Lab-created diamonds have accounted for one-tenth of all engagement ring diamond sales within the US market this year according to recently unveiled industry research.
Industry analyst Edahn Golan presented data compiled from more than 1200 US jewellery stores at the Facets 2022 conference at the Antwerp World Diamond Centre.
The data comes from Tenoris, a consultancy formed by Golan and National Jeweler publisher Chris Casey. According to Tenoris, lab-created diamonds accounted for six per cent of sales in 2021.
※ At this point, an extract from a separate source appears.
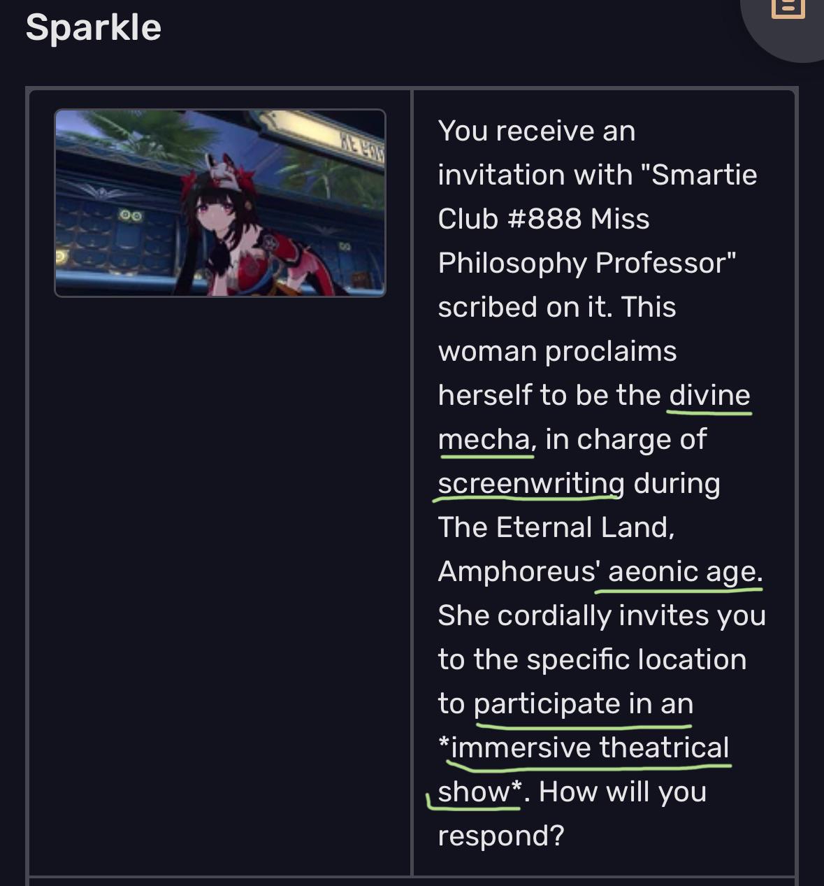 >>6314781 Шаоджи успело посетить пару новых идеек, всё же не до конца раскрыто, в чём романтичность романтичной истории, да и про пещеру опять же. Так что 4.0 начнется с небольшого (на пару часов, ну максимум на три) реткончика про Амфореус. Ликург пояснит нам, что не всё, что мы видели, было тем, чем казалось, а на самом-то деле ух!

Overall demand for diamond engagement rings of all types has dropped substantially in 2022.
However, natural diamond engagement rings seem to have fallen more than their rivals, with sales of lab-created diamond engagement rings falling just 12 per cent year-over-year compared with a 51 per cent drop for natural diamond engagement rings.
The average gross margin for a natural diamond engagement ring is 48.6 per cent compared with 54.4 per cent for lab-created products. That’s a rise of 5.1 per cent for natural diamonds and 0.2 per cent for lab-created.
The average carat weight for engagement rings was 0.84-carats for naturals, compared with 1.38-carats for lab-created. That represents a 1.4 per cent decline for natural diamonds but a 4.9 per cent jump for lab-grown.
During the presentation, Golan attributed the trend to a level of ‘pent up demand’ in 2021 brought about due to the COVID pandemic.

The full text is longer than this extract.